Add llvm.loop.unroll.threshold metadata
AbandonedPublic

Authored by timcorringham on Sep 24 2020, 4:17 AM.

Details

Summary

Add new loop metadata llvm.loop.unroll.threshold to allow the initial target
specific unroll threshold value to be specified on a loop by loop basis.

The intention is to be able to to allow more nuanced hints, e.g. specifying a
low threshold value to indicate that a loop may be unrolled if cheap enough
rather than using the all or nothing llvm.loop.unroll.disable metadata.

This new metadata is used in setting the default threshold in the target
specific loop options, so only has any effect for targets that make use of
it - in this change only AMDGPU uses this metadata.

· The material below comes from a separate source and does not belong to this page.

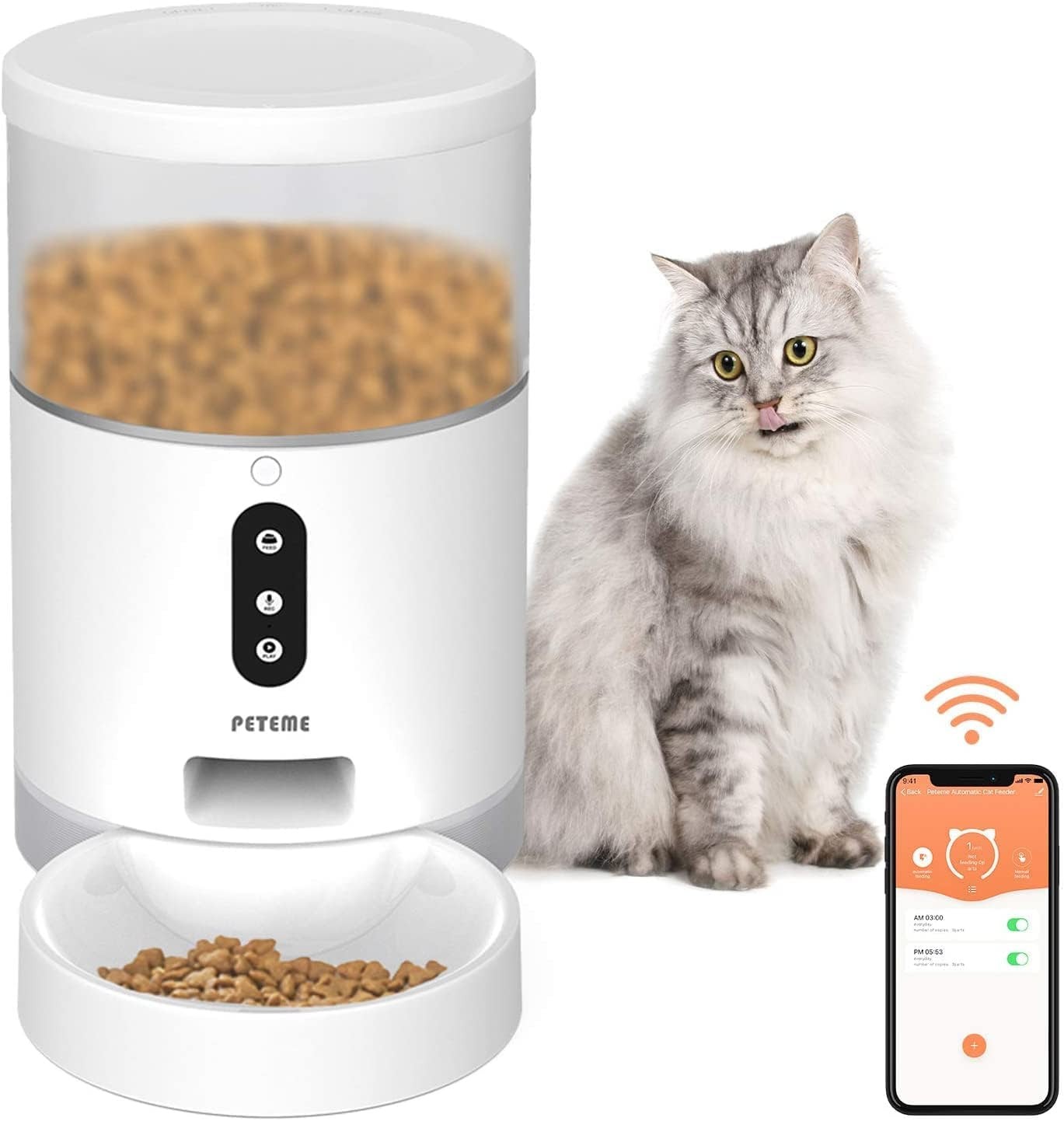 ?【APP Smart Pet Feeder】 4L automatic cat feeder is intelligently controlled by APP. Don’t worry about your pet’s health when you need to travel short distances and work late into the night. Note: WiFi network must be at 2.4GHz frequency for pet feeder to work normally, 5GHz is not supported. ?【Various Component Options】 The feeder is only suitable for 2-10mm dry pet food. The timetable for providing pets is up to 6 meals, with 1-10 servings per meal, and each serving is about 8-10 grams. You can develop a personalized meal plan for your pet to prevent your pet from overeating. ?【Recording function】 Personalized recording function, call your pet when food is distributed. Let it know that you are by its side and will not be sad because of your leaving. (For example, hey buddy, come on, it's time to eat!) ?【Dual Power Supply Battery Life】 The automatic cat distributor has dual power supplies. Use a 5V DC adapter and 3 alkaline D-type batteries (not included) for power supply. In the event of a sudden power failure, the feeder continues to work on batteries. Make sure your pet continues to get food. (Set with memory function to prevent sudden power failure) ?【Easy to Use and Clean】 All parts can be disassembled and rinsed with water (Except the host), and must be wiped dry before assembly. The translucent storage slot allows you to clearly know the amount of food. Place the feeder in the corner of the wall to prevent it from tipping over.

This change was originally proposed as an AMDGPU specific change, but
following review comments (see https://reviews.llvm.org/D84779) is now
being presented as generic metadata.

Diff Detail

Event Timeline

timcorringham created this revision.Sep 24 2020, 4:17 AM
Herald added a project: Restricted Project. · View Herald Transcript
timcorringham requested review of this revision.Sep 24 2020, 4:17 AM
timcorringham edited the summary of this revision. (Show Details)Sep 24 2020, 4:21 AM
jdoerfert edited reviewers, added: arsenm, Meinersbur; removed: jdoerfert.Oct 9 2020, 9:15 AM

As implemented, the threshold is specific to the AMDGPU backed. Any possibility to implement it generally in LoopUnrollPass.cpp? If it is indeed intended to just by processed by a single backend, the attribute's name should reflect that, like for the amdgpu-unroll-threshold attribute.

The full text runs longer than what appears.